Grabbing a target and holding it over their heart

Analysis Debate rages on about whether Google's acquisition of Motorola Mobility is good for Android, or an expensive mistake for Google, made in a moment of irrational panic. Our columnist Matt Asay thinks it "spells iPhone doom", and he's not alone. John C Dvorak thinks it's "pure genius". This supposes that Google performed a cost-benefit analysis and calculated that the cost of not buying Motorola's phone and set-top box division was greater than $12.5bn.

I beg to differ. Not all business decisions, made in the pressure cooker, are as rational as they should be.

On Monday, I explained that Google hadn’t bought what it thinks it has bought. Since then some very interesting new detail has come to light. This suggests that the Chocolate Factory really doesn't understand the value of its proposed acquisition, and snapped up Motorola not merely in a hurry, but a blind panic. Pulling out of the deal may now be sensible – but also costly for Google. The deal carries a $2.5bn break-up penalty, which is smaller than AT&T's penalty for failing to complete its acquisition of T-Mobile US, but is still a hefty sum of money. Should this happen, Google will have paid almost as much to buy nothing as it did to buy Doubleclick, its largest ever acquisition.

Let's look at some evidence.

Bidding against The Beast

Two separate reports are suggesting that Google entered negotiations to buy Motorola Mobility only after it heard that Microsoft was talking to the company with view to an acquisition. This may give you deja vu. Remember that four years ago, Microsoft was about to acquire DoubleClick for about $2bn, which a lot of analysts thought was too much money.

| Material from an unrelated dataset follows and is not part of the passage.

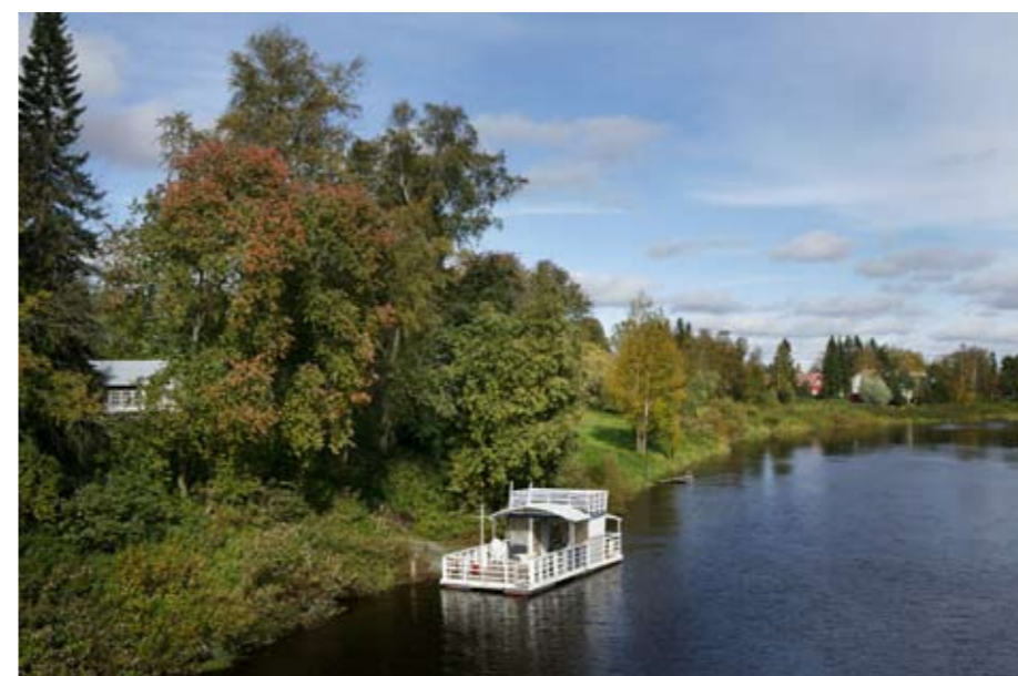
Jokilaivalla järjestetään kesäisin pienten ryhmien tilaisuuksia.

Then, late in the day, Google joined the bidding war and sealed the deal for $3.2bn. (Google has only just updated the creaky Doubleclick infrastructure, much of which was a decade old.) So both rivals have form here. Microsoft knows how to raise the price of an acquisition target, and Google has form for paying over the odds for something it thinks it needs, but might actually be able to build better and more cheaply in-house.

Google spurned the chance to acquire up to 18,000 relevant mobile patents by acquiring InterDigital. Reports said the two were in talks last month after Google lost the Nortel auction.

Now these really are worth something: In 2005, InterDigital took Nokia to the cleaners for over $252m in a favourable patent settlement. To get one over on Nokia is quite an achievement – and not something Apple was able to do; Apple's settlement of outstanding litigation saw it pay money to Nokia. InterDigital's IP was apparently for sale for $2bn – $10bn less than Google wants to pay for one of America's oldest manufacturing companies. And there's a lot less baggage, of course. That would certainly have made sense.

The other area, explored in great depth by Florian Mueller at FOSSpatents, looks at the relevance and therefore competitive value of Motorola’s IP. Florian knows how many beans make five.

Feel the quality, not the weight

Patents are often compared to nuclear deterrents: something you need to have to avoid aggression, but don’t ever want to use, if at all possible. You build up your deterrent by building up IP. But as Florian (and others) point out, the volume of one's patent arsenal becomes irrelevant once the shooting starts.

Patent litigation isn't won by weight: the war is not one of endurance, with one side running out of bombs to throw. Patent disputes are fought over small numbers of infringing claims, rarely more than a few dozen patents. So the deterrent value is already gone once you're in aggressive patent litigation. It is nice to have something to throw back, of course, but it merely has to be relevant. It matters far more how deep your pockets are. Google has deep pockets. So again, InterDigital would have done Google just nicely.

Mueller emphasises some of the issues I raised earlier this week – that Motorola's IP doesn't help Google with the current litigation it faces from Apple and Oracle. He adds that this litigation is already well advanced, and will commence in earnest this autumn, before the acquisition has been completed. For legal reasons Google had to agree this week, the IP doesn't come into play just yet. Mueller has also looked at the relevance of Motorola's IP, and here it gets really interesting. It is much less scary than the mobile industry thinks.

Motorola's IP has not deterred Apple from striking.

"Apple truly wasn't deterred by Motorola Mobility's grossly overestimated portfolio," writes Mueller. How does he know? Because Motorola said so, in a move to get a declaratory judgment (a patent-holder's pre-emptive strike) made last October.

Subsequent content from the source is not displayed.